Saturday, 2 February 2008

Leaving the UK

I went out with colleagues in Snodland this morning and I was sad to come across 2 people who wanted to leave the UK because they were “fed up with everything”. What disappoints me most is that this not the first time I have heard this on the doorsteps. People are becoming increasingly disillusioned with this Government and what was said to me this morning, and indeed before, is that they’ve worked hard, paid their taxes and feel that they get nothing in return. Two other people said to me today that they feel that the Government are completely bullied by Brussels and “unlike the French never stand up to Europe” and one of the chaps who said he was going to leave said the final straw came when he heard the patriotism was no longer going to be taught in schools any more. I sympathise with them. This Government is weak. It capitulates to Brussels all the time and we never say no to anything. I can understand why people are so fed up but I hope that they are still around at the next election so they can hit the Government where it really hurts – at the polling station.

Paper making

Yesterday I went on a tour of the mill at Aylesford Newsprint and was absolutely fascinated by what I saw. Thinking back over the years as a consultant to many companies I haved toured a dog food factory, a chocolate factory, a salt extraction factory, and a sewage treatment plant but what I saw yesterday was amazing.
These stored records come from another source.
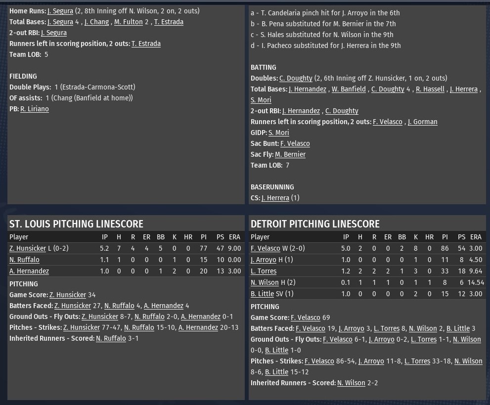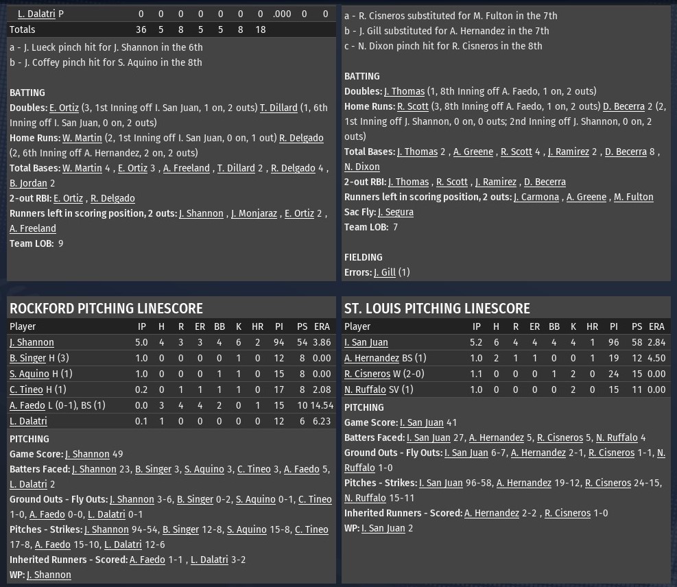 Leading 2-1, Madison chased St. Louis starting pitcher Zack Hunsicker with four runs in the bottom of the third, and the Muskies went on for a 6-2 win at Comiskey Park (1991). Former River Walkers third baseman Jordan Groshans put the Muskies on top when he led off the bottom of the second inning with a solo homer off Hunsicker. Groshans, who hit 43 homers and drove in 106 runs for St. Louis in 2031 only to leave the team in free agency, agreed on a one-year deal with Madison worth $2.84 million on April 9. Pitcher Bryce Osmand singled and scored in the third, Yan Dixon sending him home with a fly out. With the score now 2-1, Jose Ramirez led off the fourth with a homer off Osmond, the fourth spelt the end for Hunsicker. Madison scored four runs on four hits, and were helped by a wild pitch and an error by third baseman Matt Fulton. Osmond supplied the biggest hit, with a two-run double. Dixon collected another RBI with a single. In addition to going 2 for 2 at the plate, with two runs scored and a pair of RBIs, Osmond (1-0) allowed one run on three hits over the firsrt six innings. He struck out four and didn't issues a walk. The rest of the game belonged to Johnny Kuhn Jr. (2.0 IP) and former Walkers pitcher Ben Schellenger (1.0), who combined to close out the win. |
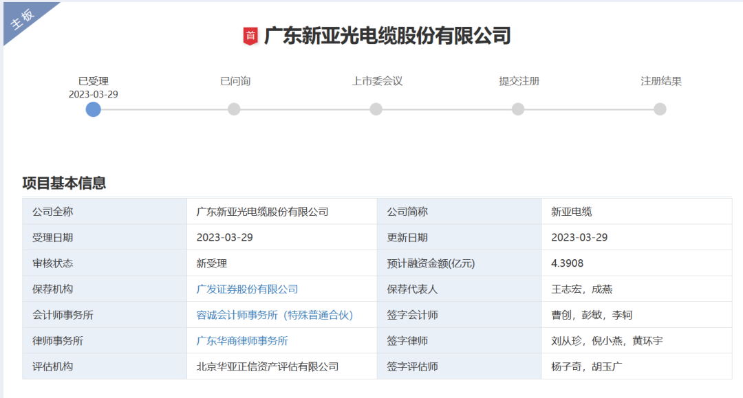 3月30日,上交所发行上市审核项目动态显示,已于当天受理了金盛海洋的首发申请,前一天,3月29日,深交所受理了新亚电缆的首发申请。
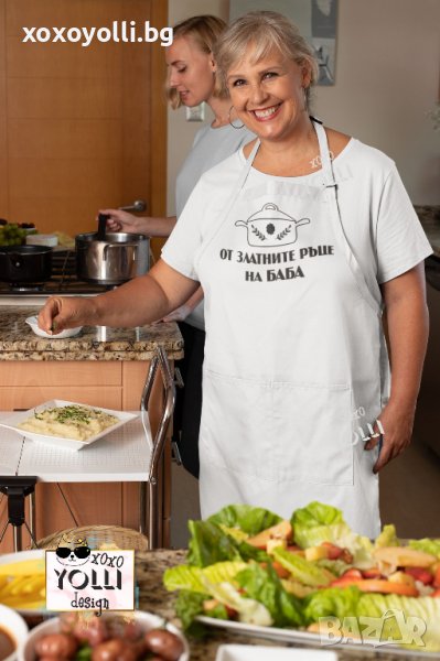 се захваща на талията с две връзки и има двоен джоб отпред.
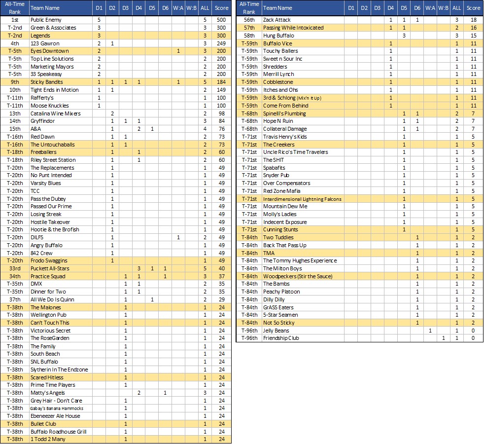 - Indoor championships aren't currently worth a point (though we may revise this in the future). With apologies to DILFS, Jelly Beans, Sticky Bandits, Eyes Downtown and Friendship Club, Winter sessions are often used to make new teams and play with new people. No team should be penalized in the rankings for doing that instead of entering their usual squad. We'll give them credit for "number of titles", which they've earned, but zero points awarded. Indoor championships are abbreviated as "W:A" (Winter: A) and "W:B" on the chart below, to make it a little easier to read.
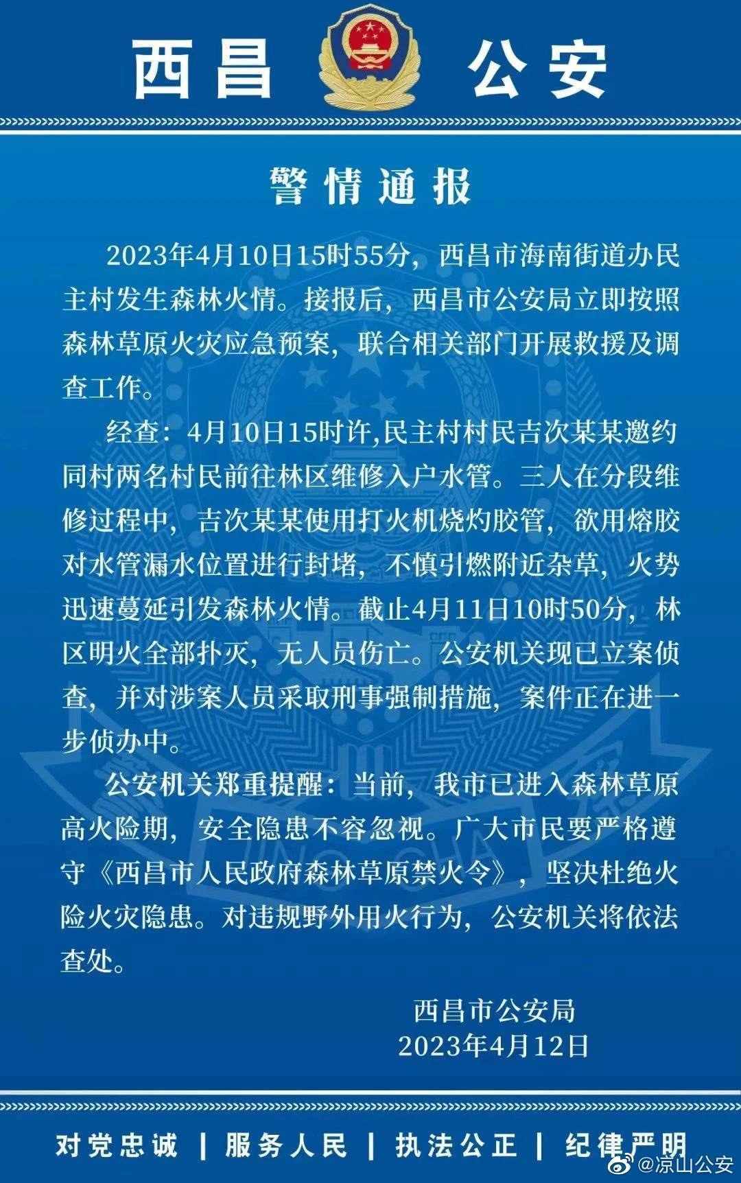 ·西昌警方通報(bào)森林火災(zāi)調(diào)查:村民燒灼膠管修水管引燃雜草,涉案人員被控制。
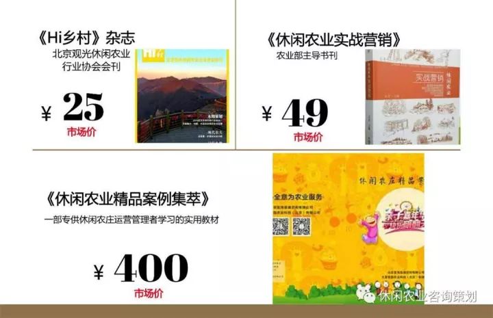 嘉宾 席位 | 早鸟价 680 元/位 | 价值632元的礼包 五星级标准: 午餐席位 1个 演讲会门票 1张 《休闲农业实战营销》1本 《休闲农业亲子案例》1本 《Hi乡村》杂志 1本 大会资料 1份 |
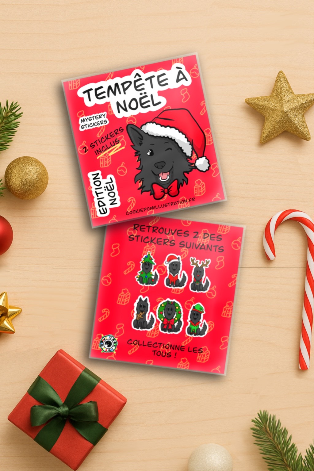 Un pack surprise contenant 2 stickers aléatoires parmi une collection exclusive de 6 illustrations de Tempête en mode Noël.
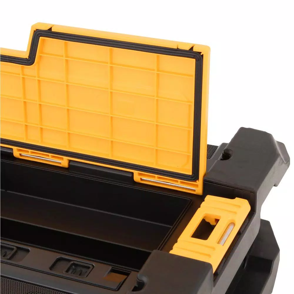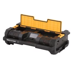 The DEWALT TOUGHSYSTEM Music with Charger brings music to your DEWALT TOUGHSYSTEM Cart. This premium music system features a digital sound processor for sound optimization, high power and high efficiency. Designed to run off either a battery or AC power, this unit is TOUGHSYSTEM compatible, durable and stackable for ultimate convenience.
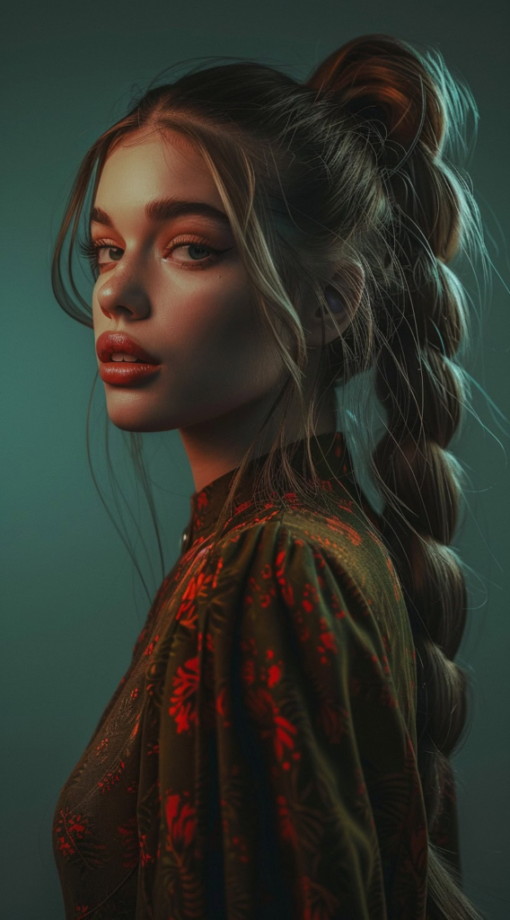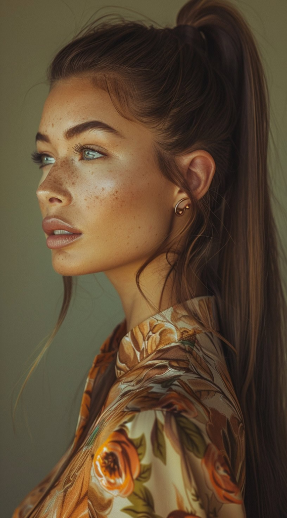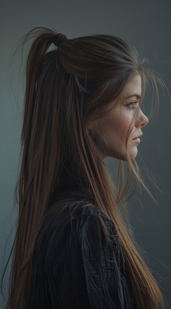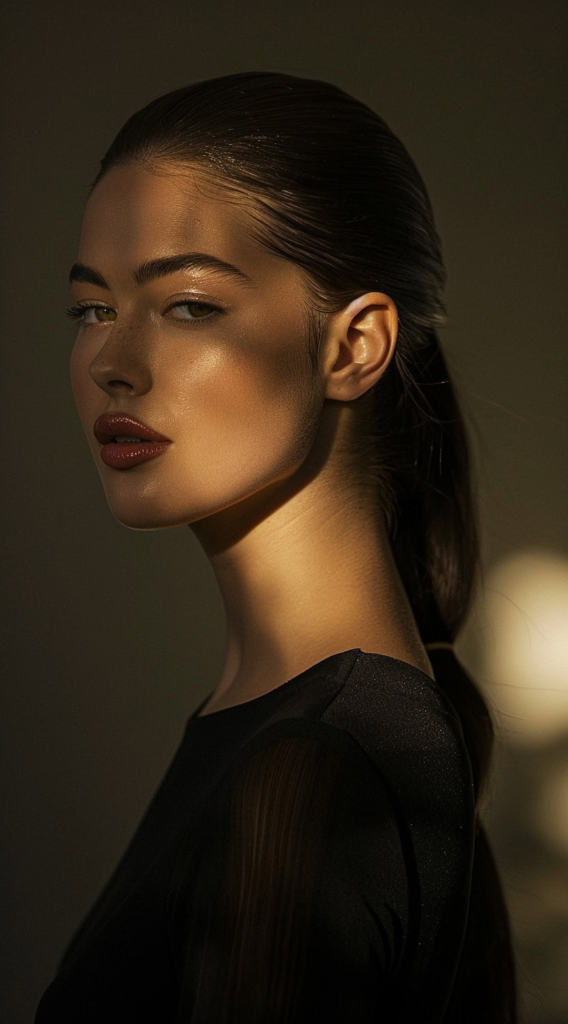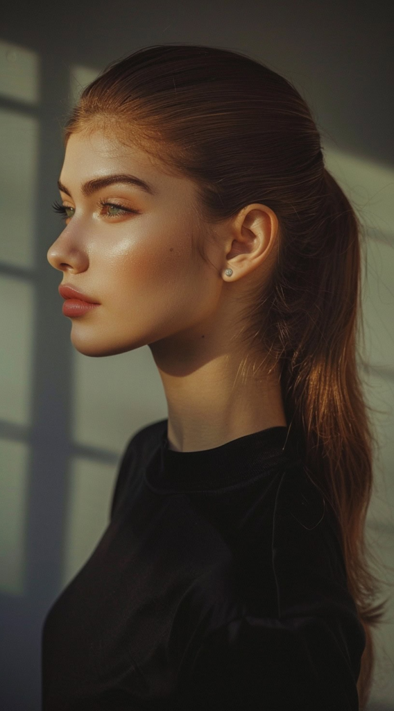 This ponytail looks polished and structured. I divide it into sections to add detail without making it complicated. A light hairspray keeps everything in place for hours.
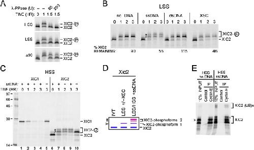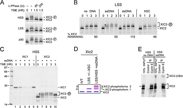 Figure 2. Xic2 is differentially phosphorylated in the absence and presence of single-stranded DNA. A. Xic2 phosphorylation shift assay. 35S-methionine labeled Xic2 was incubated in interphase egg extract (LSS or HSS) or mitotic extract (Δ90) as indicated in the absence (-) or presence of 80 or 200 units (U) of lambda phosphatase (λ-PPase). B. Xic2 phosphorylation shift and degradation assay. 35S-methionine labeled Xic2 was incubated in LSS with buffer (no DNA), single-stranded ΦX174 DNA (ssDNA, 10 ng/ul), pCS2+ plasmid DNA (dsDNA, 10 ng/ul), or XSC (10 ng/ul) at 23°C. Samples were analyzed by SDS-PAGE at 0-3 hrs. The mean percentage of remaining Xic2 from two independent experiments is shown (% Xic2 remaining) where the zero hour time point was normalized to 100%. C. Xic2 degradation assay. 35S-methionine labeled Xic1 or Xic2 was incubated in HSS with (+) or without (-) single-stranded DNA (ssDNA) for 0–3 hrs as indicated. Molecular weight markers are shown in kilodaltons. D. Schematic representation of 35S-methionine labeled Xic2 phosphoforms in the absence of extract or DNA (IVT) (left lane), in the presence of LSS with or without XSC (middle lane), or in the presence of LSS or HSS with ssDNA (right lane). Unphosphorylated Xic2 is marked by the blue line (XIC2), Xic2 phosphoform 1 is marked by the purple line and the caret (>), and Xic2 phosphoforms 2 are marked by the pink lines and the asterisks (*). E. Xic2 co-immunoprecipitation with cyclin E. 35S-methionine labeled Xic2 was incubated in HSS without (no DNA) or with (ssDNA) as indicated. Xic2 was co-immunoprecipitated (IP) with anti-cyclin E or control antibody. 10% of the input reaction is shown (10% INPUT). In all figures, “XIC2-P” or the caret (<) and asterisks (*) indicate the phosphoforms of Xic2 and ubiquitinated Xic2 protein bands are indicated as “XIC2-(UB)n”.
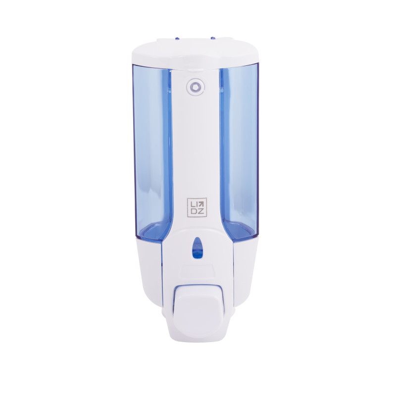 Диспенсер для рідкого мила Lidz (PLA) -120.01.01 з одинарним пластиковим резервуаром розрахований на 380 мл. Подача мила відбувається при натисканні на кнопку. Диспенсер кріпиться на стіну в будь-якому зручному місці шурупами, які входять в комплект.
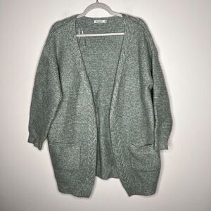 Baciano Sweater Womens Large Gray Open Front Cardigan Cable Knit Pockets Cozy
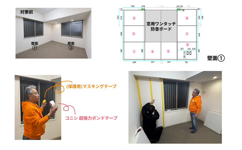 ▼【壁面①】直接面していないが、換気扇などの音が入りやすい壁①と窓①のビフォーアフター
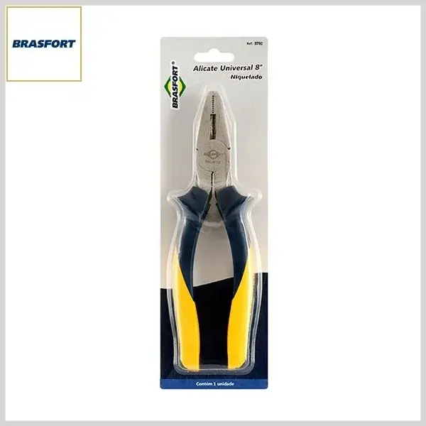 Alicate Universal Aço Carbono Niquelado c/Cabo TPR Emborrachado - 8.0 pol (203mm) - Brasfort
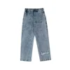 Pantalones vaqueros desgastados para hombre, Jeans de gran tamaño, con bordado de letras de estrellas, estilo Hip Hop, moda coreana
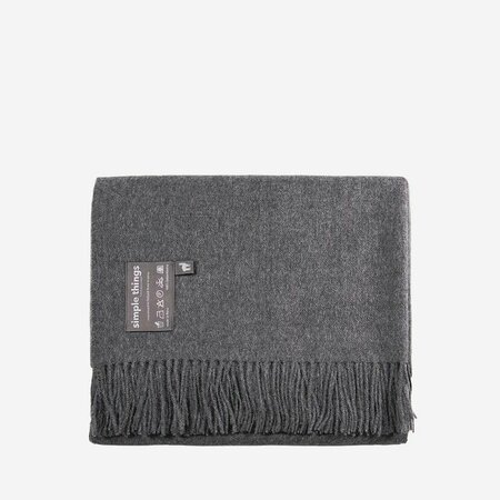 Большой плед Mid-Grey Natural серого оттенка. Изделие из 100% шерсти бэби-альпака согреет вас дома или на прогулке. Бахрома сплетена вручную. Изготовлено в Ирландии.
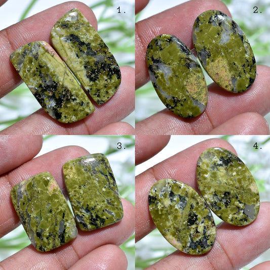 Attractive Unakite Pair - Smooth Handmade Green Jasper for Earrings
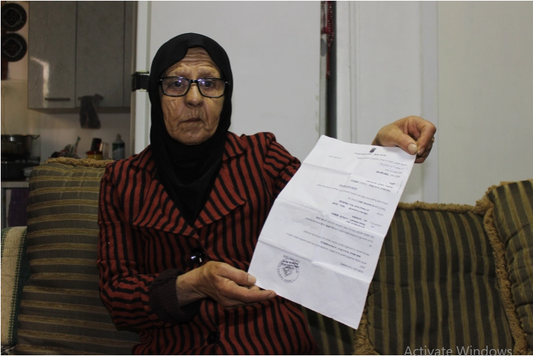في منزل عائلة سالم، تعيش المسنة فاطمة مع أبنائها الثلاثة وعائلاتهم في منازل قديمة متهالكة استأجرها والدها عام 1948، بعدما قرر الاستقرار في القدس قادما من قرية ترمسعيا (إحدى قرى محافظة رام الله وسط الضفة الغربية).
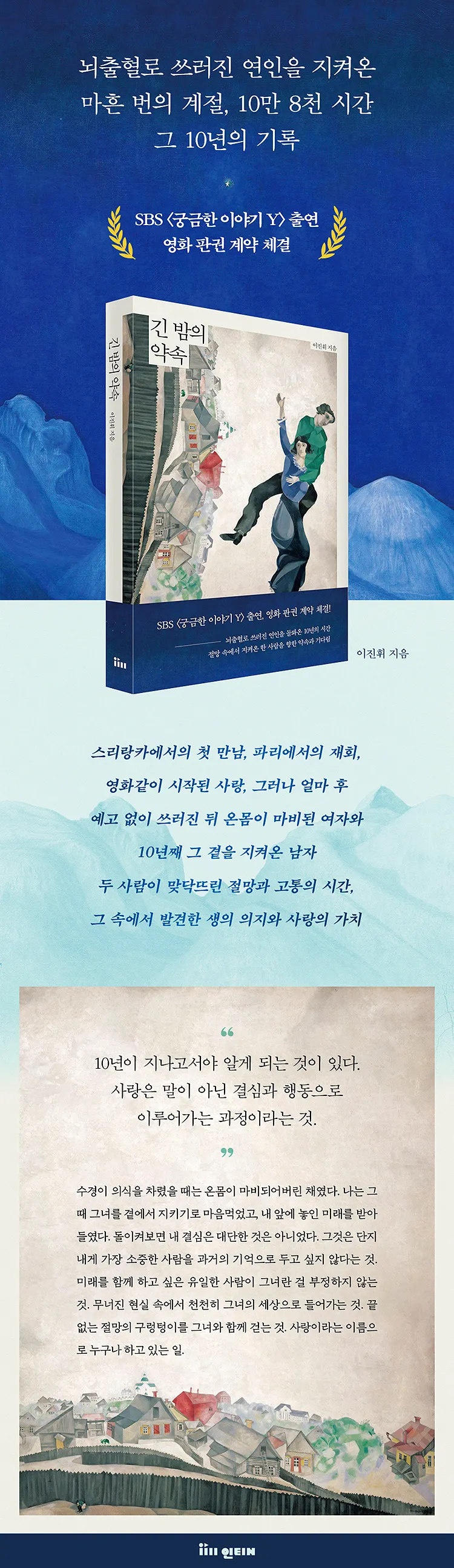 2014년 뇌출혈로 쓰러진 후 온몸이 마비된 연인 허수경 씨를 10년 가까이 돌봐온 이진휘 씨의 에세이이다. 저자와 수경 씨의 사연은 2018년 SBS [궁금한 이야기 Y]를 통해 알려지며 많은 사람의 감동과 안타까움을 불러일으켰다. 방송 이후의 두 사람의 소식을 궁금해하는 사람이 많았지만 어디에도 소개된 적 없었다. 『긴 밤의 약속』은 방송 이후 저자가 처음으로 두 사람의 이야기를 직접 써내려간 책이다. 책에는 해외에서 처음 만나 사랑에 빠진 두 사람의 영화 같은 시작과, 수경 씨가 쓰러진 이후 달라진 두 사람의 일상, 10년을 이어온 간병 생활 속에서 한 개인이 느꼈던 절망과 불안, 그 긴 시간 속에서 저자가 발견한 사랑의 가치에 대한 이야기가 진솔하게 담겨 있다.
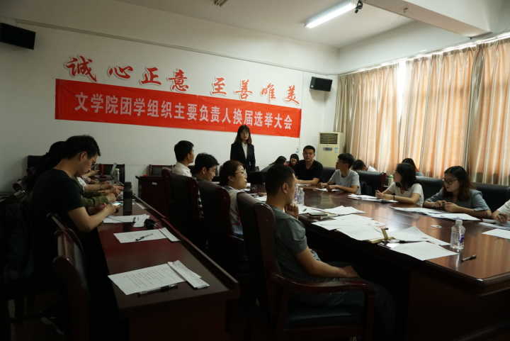 6月6日下午4时,2018年文学院团学组织负责人换届工作在苍梧校区文渊楼306举行。文学院党委副书记田德勇、辅导员张玲、吴凡、孙士生以及往届团学组织学生干部代表担任评委。

The first thing you notice as you walk from the car park to reception is how quiet it is – as I walked past a pond two rabbits were merrily nibbling away on the grass completely oblivious to the huge warehouses behind them.

I am real geek when I visit places like this. I love learning about processes I never knew existed and yesterday was no exception. As I went around the Mill I learnt so much about the recycling process mainly because of the professional approach to the tour – you literally start by watching the kerbside recycling lorries dump the magazines and papers you put in your blue box and walk through the same journey they make ending up as reels of paper heading back to the printers. Literally hundreds of thousands of miles of recycled paper is made in Aylesford and as I saw it put into lorries for transportation to clients there is a jolly good chance you’ll be reading a newspaper which was made at the Mill tomorrow. And you can take comfort in the fact that it is all made in strict accordance with key environmental objectives.